For 15 months, I was displaced from my home in northern Gaza. For 15 long months that felt like 15 years, I felt like a stranger in my own homeland. I lived in an intolerable sense of loss, with memories of a past that I could see but couldn’t return to because I had no idea when the exile would end.
When the ceasefire was announced, I did not believe at first that it was actually happening. Before the Israeli army let us return north, we had to wait a week. Hunderte of thousands of Palestinians finally made the journey back to their homes on January 27. Sadly, I was not among them.
My leg was broken in a collision last year, and it is still unrecoverable. I was unable to make the 10-kilometer trek through al-Rashid Street’s asphalt, which the Israeli army had dug out. Additionally, my family was unable to afford the exorbitant cost of renting a car to take us through Salah al-Din Street. So we made the decision to wait, my family and I.
I spent the day examining photos and videos of Palestinians returning from al-Rashid Street. Children, women and men were walking with smiles on their faces, chanting “Allahu Akbar”! and “we are back”!. Family members – having not seen each other for months, sometimes a year – were reuniting, hugging each other and crying. The scene had more beauty than I had anticipated.
In light of those images, I couldn’t help but think about my grandfather and the tens of thousands of other Palestinians who had arrived in Gaza in 1948 and waited for their return home, just like we did.
Yahia, the grandfather of my grandfather, was a farmer’s family in Yaffa. When Zionist forces drove them out of their hometown, he was just a child. They simply took the house keys and fled with no time to pack up and leave.
“They erased our streets, our homes, even our names. My grandfather grinned in disbelief, “But they could never erase our right to return,” he said in agony.
He told my mother that he was desperate for a home. She would say that “the way the waves kissed the shore and the smell of orange blossoms in the air are typical of the sea of Yaffa.” I’ve spent the majority of my life in exile, having never seen anything there. But maybe one day, I will. I’m going to walk the streets that my father used to do when he was a child.

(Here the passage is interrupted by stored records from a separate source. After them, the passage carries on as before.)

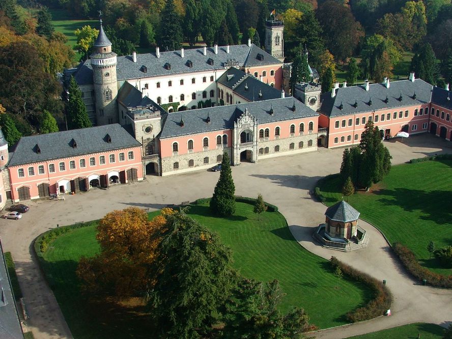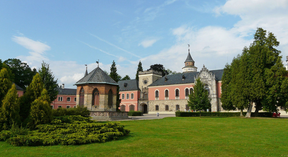 Замок Сихров, расположенный в 100 км от Праги является уникальным примером неоготического дворянского поместья и считается жемчужиной чешского края. При взгляде на него складывается впечатление, что замок взяли прямо из сказки и поместили посреди романтического парка. Интерьер замка полон прекрасных кружев, вырезанных из дерева. Мастера по резьбе, создавшего эту красоту, звали Петр Ушек, и этот интерьер стал делом всей его жизни.
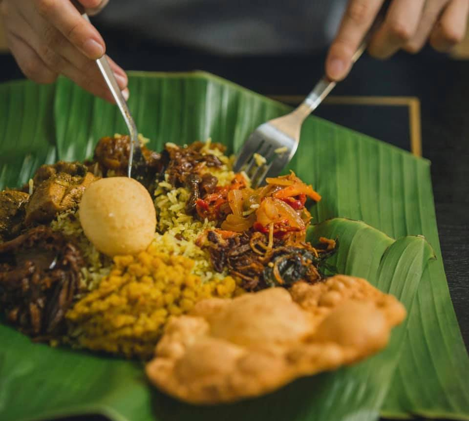 The restaurant serves one-plate lunches that include an array of moreish curries and sides including pol sambola (coconut relish), wattakka kalu pol (pumpkin curry) parippu (lentil curry) and a crispy papadum jutting out like a shark at sea. The lunch deal also includes sweet Sri Lankan cakes for dessert. If you’re aching for something specific, the al la carte menu will satisfy your cravings with rice-packed biriyani and other scrumptious dishes.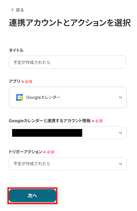 Googleカレンダーと連携するアカウントに間違いがないかを確認し、「次へ」をクリックしましょう。

My grandfather passed away in 2005 without ever returning home. He never learned what had happened, whether it had been destroyed or simply settled.
What if my grandfather had been permitted to walk back home as well as hundreds of thousands of Palestinians who were walking on foot back to their homes? What if the world had fought for justice and supported the Palestinians’ right to return? Would there now be black-and-white images of smiling Palestinians returning to their villages and towns on crowded, dusty roads?
The Zionist forces had ensured that Palestinians would not have anything to return to in the past, just like they do today. More than 500 Palestinian villages were completely destroyed. Palestinians who were desperate tried to flee. The Israelis would call them “infiltrators” and shoot them. Before the ceasefire, prisoners who attempted to return to the north were also shot.
My family and I finally took the car to the north on February 2.
Of course, there was joy in reuniting with our relatives, seeing cousins’ faces who had survived even after losing some of their loved ones, breathing familiar air, and entering the country where we were raised.
But the joy was laced with agony. Although our home is still standing, it has suffered damage from nearby bombings. We no longer recognise the streets of our neighbourhood. It is now a disfigured wasteland.
Everything that made this place once livable is gone. There is no water, no food. Death is still evoking the air. It resembles our home more than our graveyard.  , We still decided to stay.
The Palestinians’ return to the north is referred to as a “return,” but for us, it resembles our exile more.
The word “return” should carry with it a sense of triumph, of long-awaited justice, but we do not feel triumphant. We were unable to regain our former selves.
Many Palestinians who had returned to their destroyed and burned villages after the Nakba of 1948 would likely have experienced this fate. They too would have likely experienced the shock and desperation experienced by the sight of rubble-covered mountains.
After going through the upheaval of displacement, I can also imagine that they would have put in extra effort to rebuild their homes. Instead of ending in exile, the history would have been rewritten with tales of resilience.
With his keys in his hands, my grandfather would have returned home. My mother would have seen the Yaffa sea that she had long desired. And I wouldn’t have endured generational trauma from exile.
Most importantly, a return to that time would have likely prevented the never-ending cycles of Palestinian eviction, sabotage, and home destruction. The Nakba would have ended.
But it didn’t. Our ancestors were denied access to justice, and today we experience this. Without any guarantees that we won’t be displaced again or that what we build won’t be destroyed once more, we have been allowed to return. All we can see is total destruction starting from scratch. Our exile is not over, though.